It is released under the Creative Commons License, so is free for you to use, here is a link of it in PDF format http://homepage.mac.com/s_lott/books/oodesign/build-python/latex/BuildingSkillsinOODesign.pdf
I think your problem boils down to the overall design of your classes. Sometimes, though very rarely, you need a whole lot of arguments to initialize, and most of the responses here have detailed other ways of initialization, but in a lot of cases you can break the class up into more easier to handle and less cumbersome classes.
This is similar to the other solutions that iterate through a default dictionary, but it uses a more compact notation:
class MyClass(object):
def __init__(self, **kwargs):
self.__dict__.update(dict(
arg1=123,
arg2=345,
arg3=678,
), **kwargs)
Can you give a more detailed use case ? Maybe a prototype pattern will work:
If there are some similarities in groups of objects, a prototype pattern might help.
Do you have a lot of cases where one population of neurons is just like another except different in some way ? ( i.e. rather than having a small number of discrete classes,
you have a large number of classes that slightly differ from each other. )
Python is a classed based language, but just as you can simulate class based
programming in a prototype based language like Javascript, you can simulate
prototypes by giving your class a CLONE method, that creates a new object and
populates its ivars from the parent.
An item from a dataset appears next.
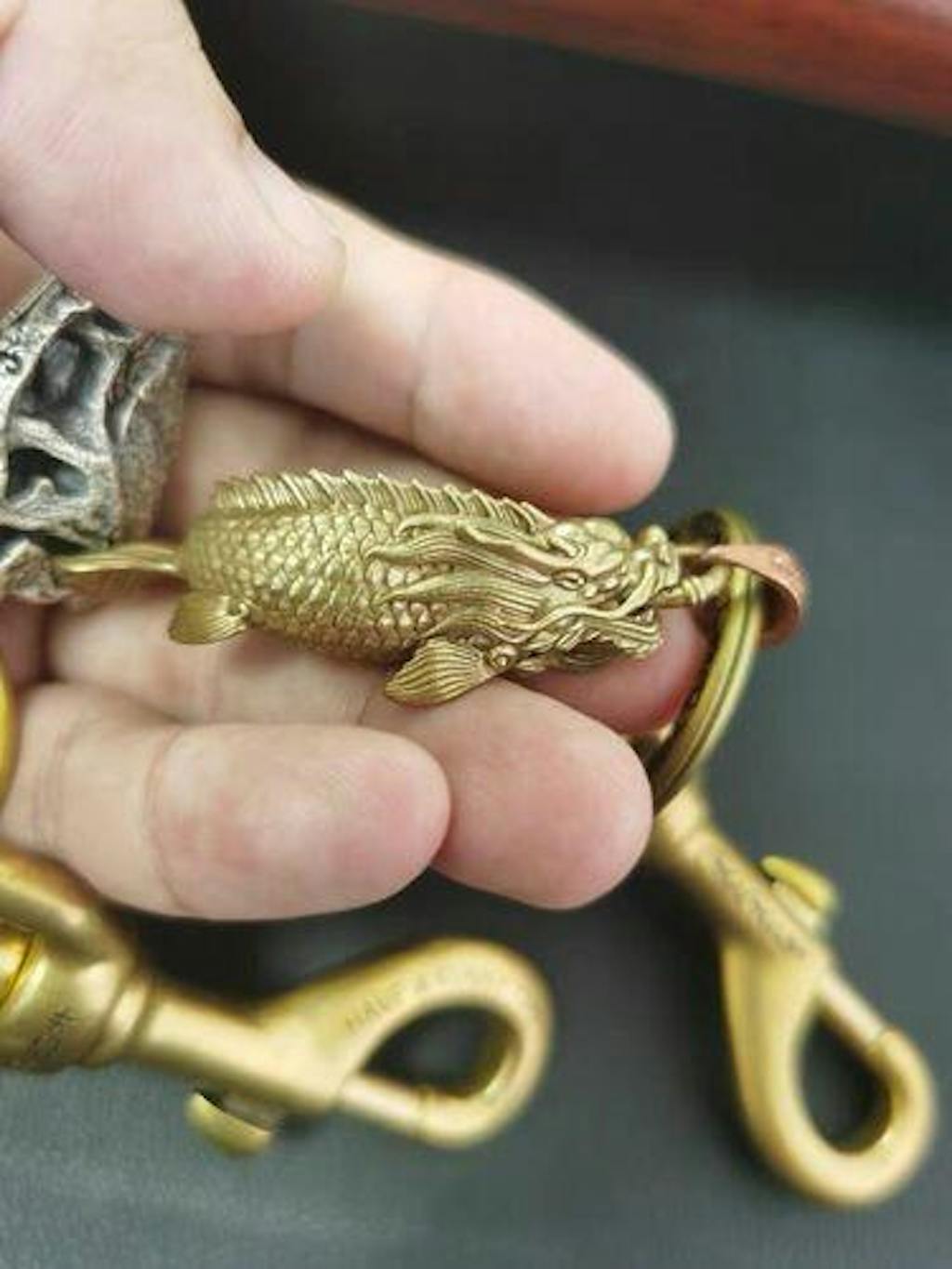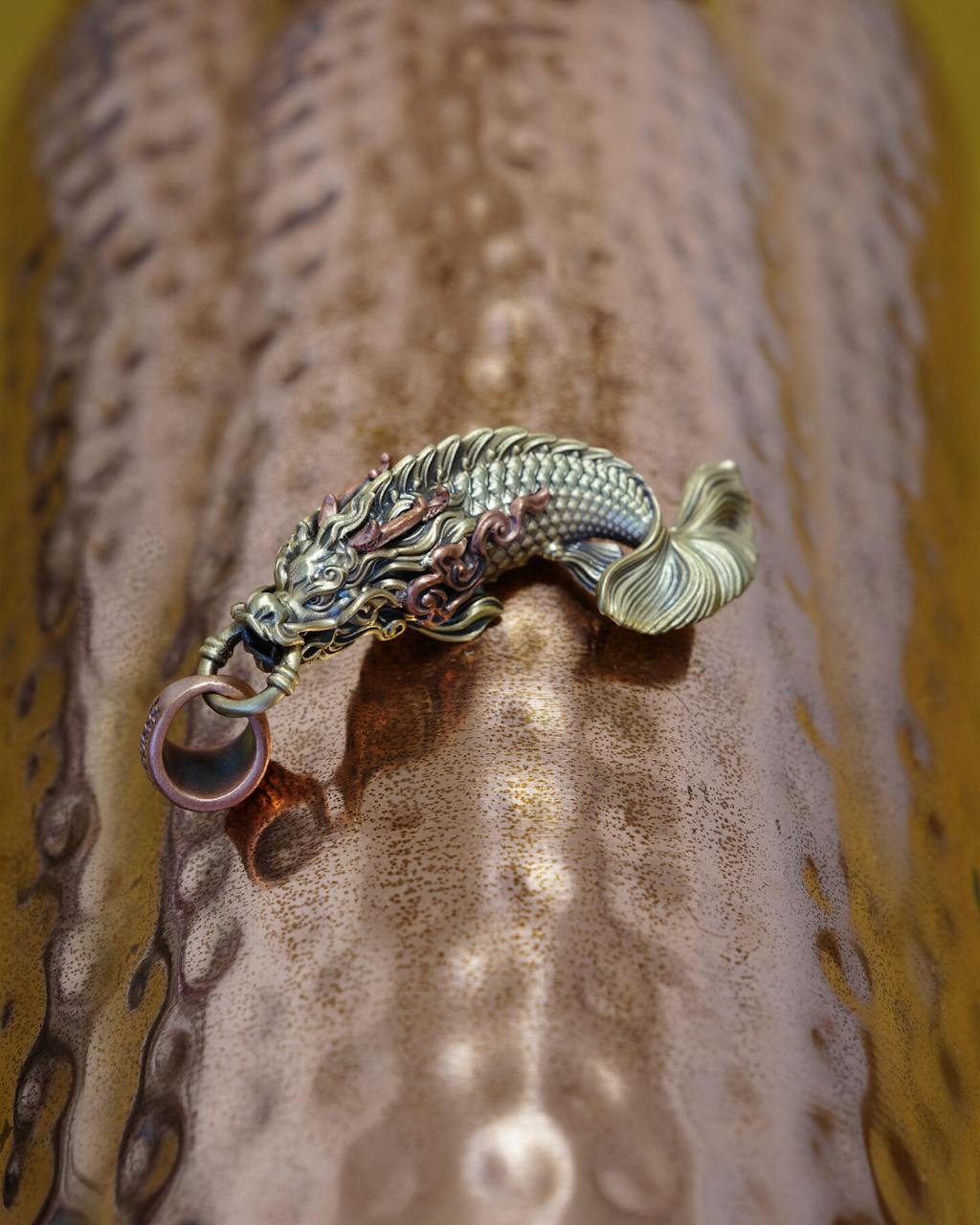 Crafted with meticulous attention to detail, the pendant features a majestic dragon's head with flowing hair and determined eyes, enhanced by copper dragon horns and intricate flame patterns. The brass body adds a layered effect, while the scales, fins, and tail are rendered with vivid precision. The broad, thick contour of the dragon's belly is designed to symbolize inclusivity and the capacity to embrace everything. Moreover, the large-diameter dragon scale button ensures the pendant can be easily paired with necklaces or keychains for convenience and versatility.

Write the clone method so that keyword parameters
passed to it override the "inherited" parameters, so you can call it with something
like:
new_neuron = old_neuron.clone( branching_length=n1, branching_randomness=r2 )
I have never had to deal with this situation, or this topic. Your description implies to me that you may find, as you develop the design, that there are a number of additional classes that will become relevant - compartment is the most obvious. If these do emerge as classes in their own right, it is probable that some of your parameters become parameters of these additional classes.
You could create a class for your parameters.
Instead passing a bunch of parameters, you pass one class.
In my opinion, in your case the easy solution is to pass higher order objects as parameter.
For example, in your __init__ you have a DendriticTree that uses several arguments from your main class LayerV:
main_apical_dendrite = DendriticTree(
bifibs=apical_bifibs,
first_sec_L=apical_sec1_L,
L_sigma=L_sigma,
L_decrease_factor=ldecf,
first_sec_d=9,
branch_prob=apical_branch_prob
)
Instead of passing these 6 arguments to your LayerV you would pass the DendriticTree object directly (thus saving 5 arguments).
You probably want to have this values accessible everywhere, therefore you will have to save this DendriticTree:
class LayerV(__Cell):
def __init__(self, main_apical_dendrite, ...):
self.main_apical_dendrite = main_apical_dendrite
If you want to have a default value too, you can have:
class LayerV(__Cell):
def __init__(self, main_apical_dendrite=None, ...):
self.main_apical_dendrite = main_apical_dendrite or DendriticTree()
This way you delegate what the default DendriticTree should be to the class dedicated to that matter instead of having this logic in the higher order class that LayerV.
Finally, when you need to access the apical_bifibs you used to pass to LayerV you just access it via self.main_apical_dendrite.bifibs.
In general, even if the class you are creating is not a clear composition of several classes, your goal is to find a logical way to split your parameters. Not only to make your code cleaner, but mostly to help people understand what these parameter will be used for. In the extreme cases where you can't split them, I think it's totally ok to have a class with that many parameters. If there is no clear way to split arguments, then you'll probably end up with something even less clear than a list of 15 arguments.
If you feel like creating a class to group parameters together is overkill, then you can simply use collections.namedtuple which can have default values as shown here.
Want to reiterate what a number of people have said. Theres nothing wrong with that amount of parameters. Especially when it comes to scientific computing/programming
Take for example, sklearn's KMeans++ clustering implementation which has 11 parameters you can init with. Like that, there are numerous examples and nothing wrong with them
I would say there is nothing wrong if make sure you need those params. If you really wanna make it more readable I would recommend following style.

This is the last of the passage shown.